Work required — Exact copy, pictures excluded: please retype every record below.

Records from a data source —
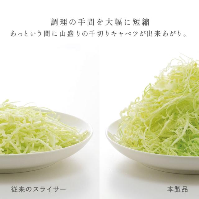 調理の手間を大幅に短縮することができ、特に手間のかかるキャベツの千切りに威力を発揮する時短調理器具です。
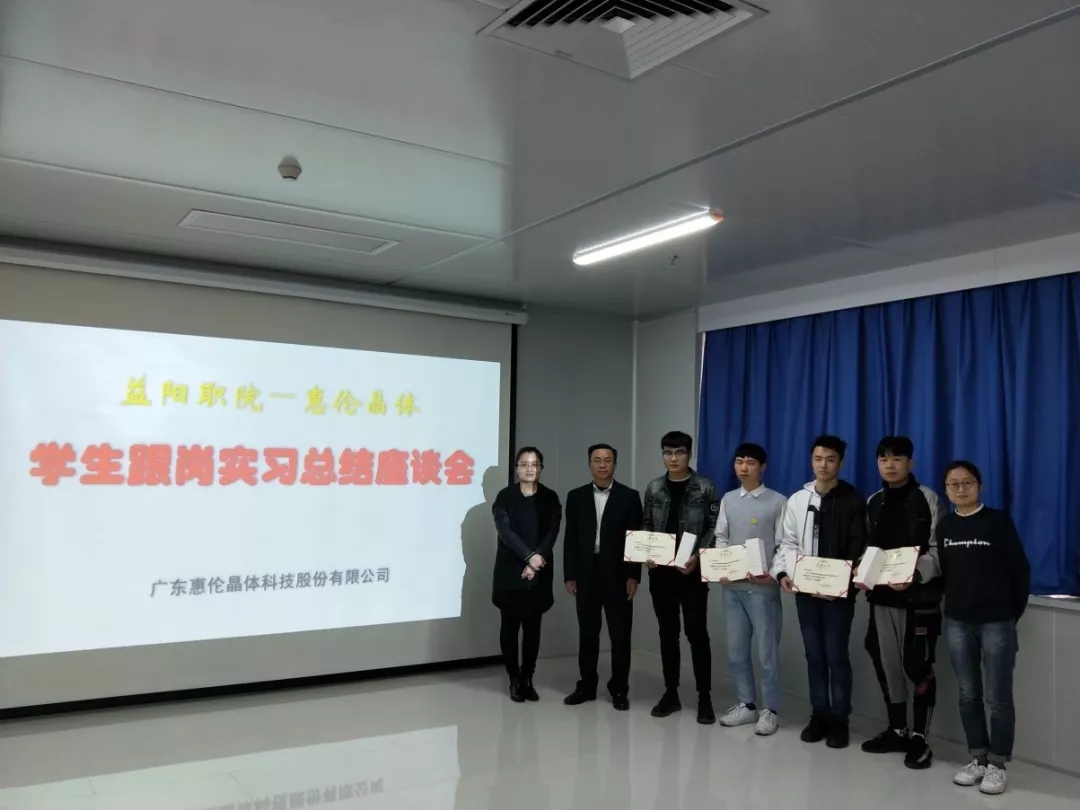 2018年12月11日上午,机电6201班跟岗实习完满结束,广东惠伦晶体科技股份有限公司在公司会议室召开了总结座谈会并举行优秀实习生的表彰活动。
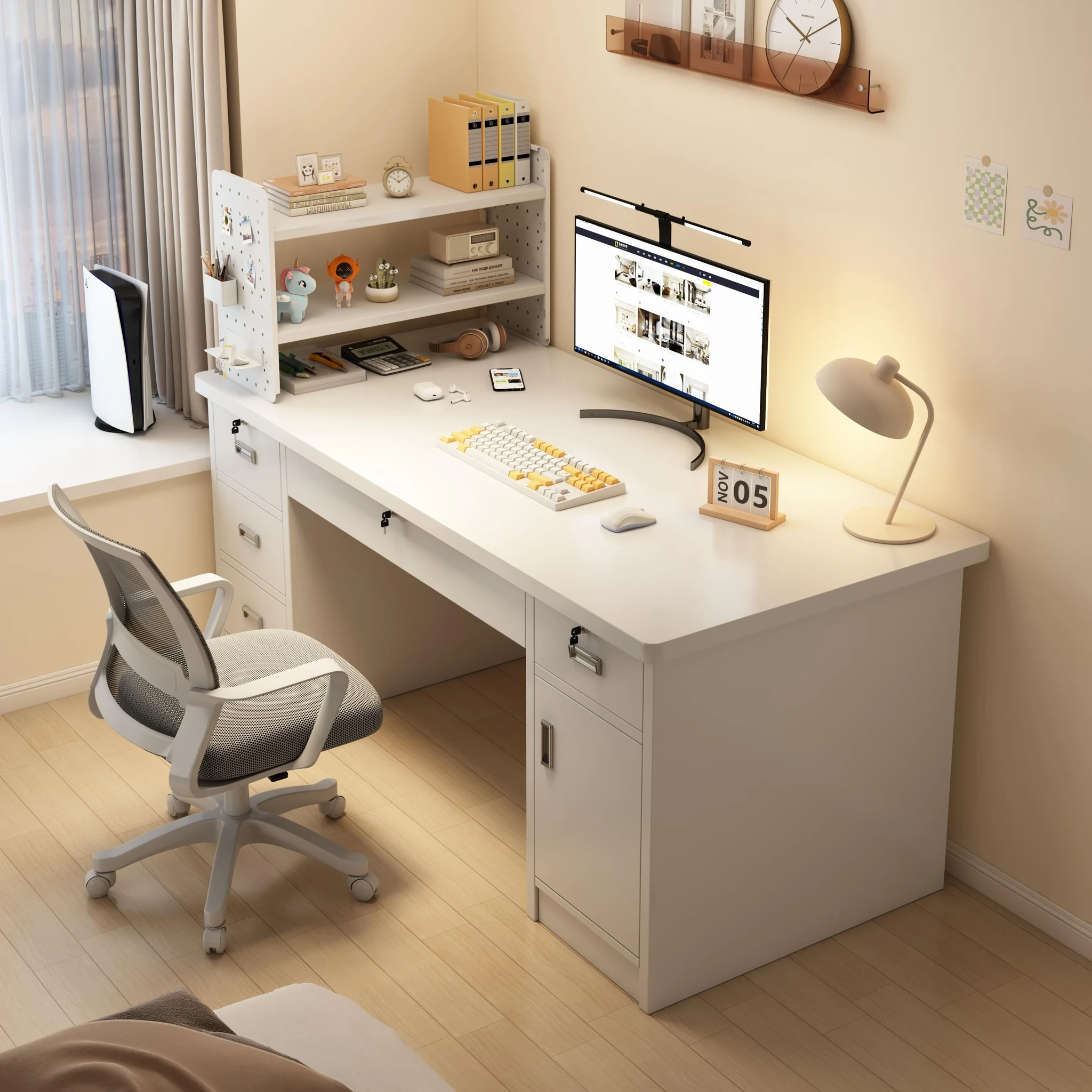 Multipurpose Desk with Bookshelf for Students - Compact Home Office Table for Small Spaces, Ideal for Girls' Bedrooms, Simple and Stylish Computer Workstation
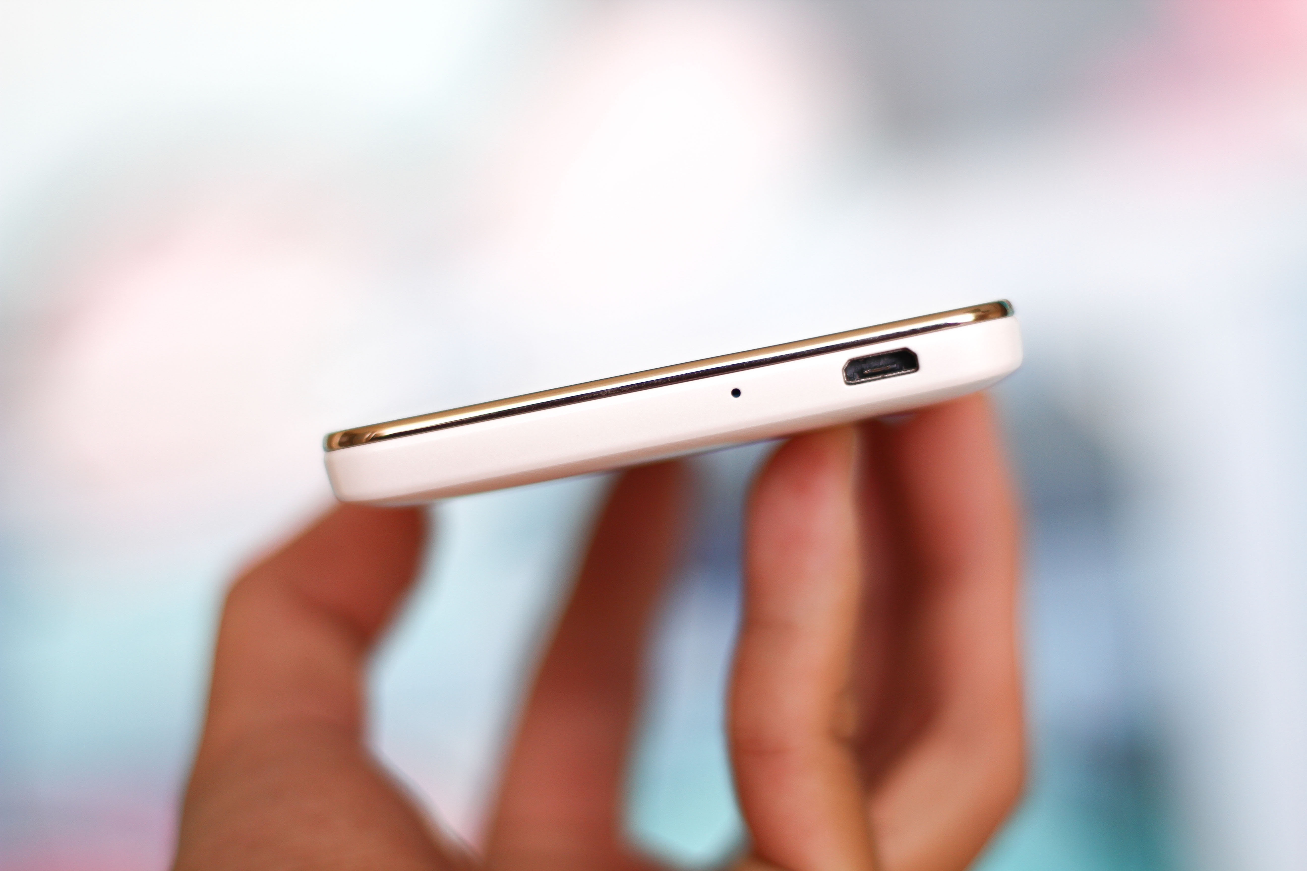 | Cạnh dưới là loa thoại và cổng kết nối micro USB. |
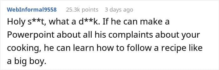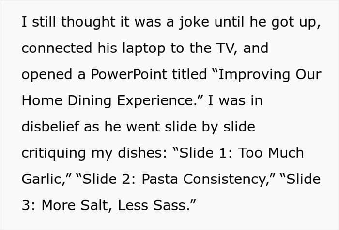 This redditor was one of such partners. That was until her boyfriend criticized her cooking with the help of a PowerPoint presentation. Scroll down to find the full story in her own words below, where you will also find We’s interview with the OP and more details on the situation.
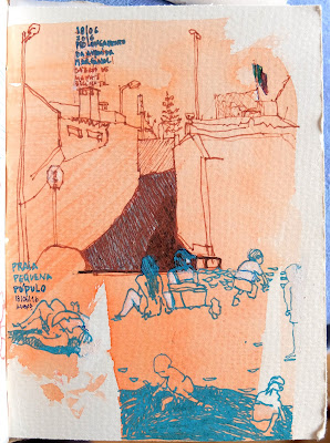 _Ahhh... a «ditadura» da aguarela leva-me a tentar experimentar outras coisas, mas de vez em quando lá me deixo levar pela sua portabilidade. Há tempos fui ao Nordeste onde as falésias são altas e as vistas largas... de encher a alma.
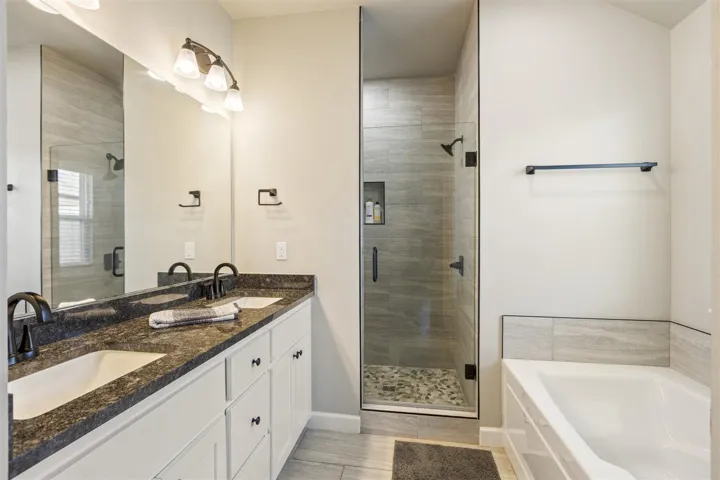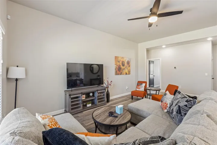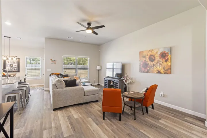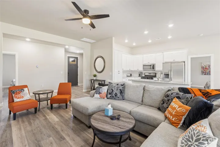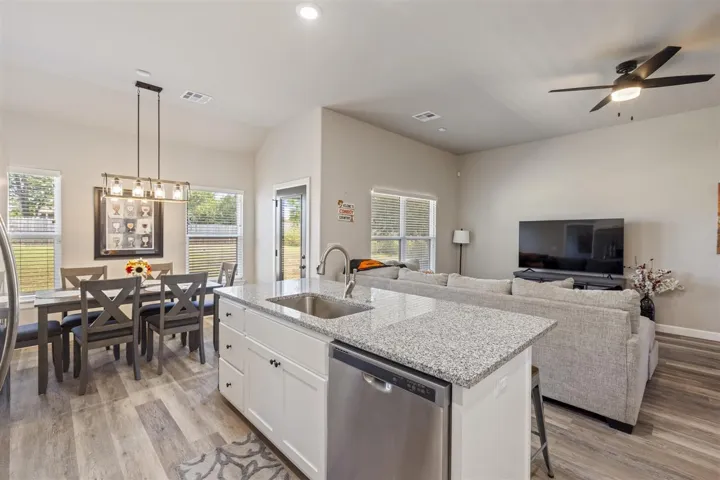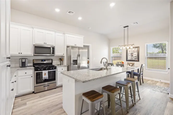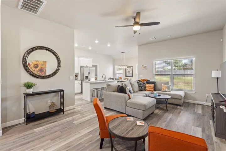 Welcome to this beautiful 4 bedroom, 2-bath, 2 car garage, just built in 2022 and thoughtfully upgraded throughout. Located on a low traffic street and no HOA. This home offers a blend of modern style, comfort, and convenience – all just minutes from Oklahoma State University, shopping, and restaurants. Step inside and discover an open concept floor plan that seamlessly connects the kitchen, dining, and living areas – perfect for both everyday living and entertaining. Buyers will enjoy the easy-care luxury vinyl plank flooring throughout the home and tiled bathroom floors for added durability. Tall ceilings with ample natural light create a bright, airy atmosphere. The kitchen features a large flat island, granite countertops, soft close white cabinetry, stainless appliances including a gas range, stylish tile backsplash, and recessed lighting. The primary bedroom is privately situated complete with an en-suite bath featuring a soaking tub, oversized tiled walk – in shower, and dual sink vanity with a granite counter, and generous walk-in closet. Bedrooms 2,3,4, are located on the opposite side of the home each with remote controlled ceiling fans and easy access to a full guest bath. Additional highlights include impact resistant shingles, hard wired security system w/ glass break feature, door chime, cameras, & able to control from an app, ring doorbell, Nest thermostat, Yale wireless front door keypad with remote access/control via app, 4 outdoor cameras with Wi-Fi app access and hard wired via HDMI to TV’s for additional live viewing, fully guttered, myQ enabled garage door opener w/camera/battery backup/keypad, black plumbing fixtures, 2″ faux wood blinds, spacious backyard, wall of storage cabinets in the hallway, separate laundry room with cabinets and folding counter, covered east-facing back patio with extended concrete slab, a sizeable driveway for extra parking, attic storage above garage, and more! Don’t miss this turnkey home with all the perks of a simple and easy move Plus so many extras!

Answer box —
 調理の手間を大幅に短縮することができ、特に手間のかかるキャベツの千切りに威力を発揮する時短調理器具です。
 2018年12月11日上午,机电6201班跟岗实习完满结束,广东惠伦晶体科技股份有限公司在公司会议室召开了总结座谈会并举行优秀实习生的表彰活动。
 Multipurpose Desk with Bookshelf for Students - Compact Home Office Table for Small Spaces, Ideal for Girls' Bedrooms, Simple and Stylish Computer Workstation
 | Cạnh dưới là loa thoại và cổng kết nối micro USB. |
 This redditor was one of such partners. That was until her boyfriend criticized her cooking with the help of a PowerPoint presentation. Scroll down to find the full story in her own words below, where you will also find We’s interview with the OP and more details on the situation.
 _Ahhh... a «ditadura» da aguarela leva-me a tentar experimentar outras coisas, mas de vez em quando lá me deixo levar pela sua portabilidade. Há tempos fui ao Nordeste onde as falésias são altas e as vistas largas... de encher a alma.
 Welcome to this beautiful 4 bedroom, 2-bath, 2 car garage, just built in 2022 and thoughtfully upgraded throughout. Located on a low traffic street and no HOA. This home offers a blend of modern style, comfort, and convenience – all just minutes from Oklahoma State University, shopping, and restaurants. Step inside and discover an open concept floor plan that seamlessly connects the kitchen, dining, and living areas – perfect for both everyday living and entertaining. Buyers will enjoy the easy-care luxury vinyl plank flooring throughout the home and tiled bathroom floors for added durability. Tall ceilings with ample natural light create a bright, airy atmosphere. The kitchen features a large flat island, granite countertops, soft close white cabinetry, stainless appliances including a gas range, stylish tile backsplash, and recessed lighting. The primary bedroom is privately situated complete with an en-suite bath featuring a soaking tub, oversized tiled walk – in shower, and dual sink vanity with a granite counter, and generous walk-in closet. Bedrooms 2,3,4, are located on the opposite side of the home each with remote controlled ceiling fans and easy access to a full guest bath. Additional highlights include impact resistant shingles, hard wired security system w/ glass break feature, door chime, cameras, & able to control from an app, ring doorbell, Nest thermostat, Yale wireless front door keypad with remote access/control via app, 4 outdoor cameras with Wi-Fi app access and hard wired via HDMI to TV’s for additional live viewing, fully guttered, myQ enabled garage door opener w/camera/battery backup/keypad, black plumbing fixtures, 2″ faux wood blinds, spacious backyard, wall of storage cabinets in the hallway, separate laundry room with cabinets and folding counter, covered east-facing back patio with extended concrete slab, a sizeable driveway for extra parking, attic storage above garage, and more! Don’t miss this turnkey home with all the perks of a simple and easy move Plus so many extras!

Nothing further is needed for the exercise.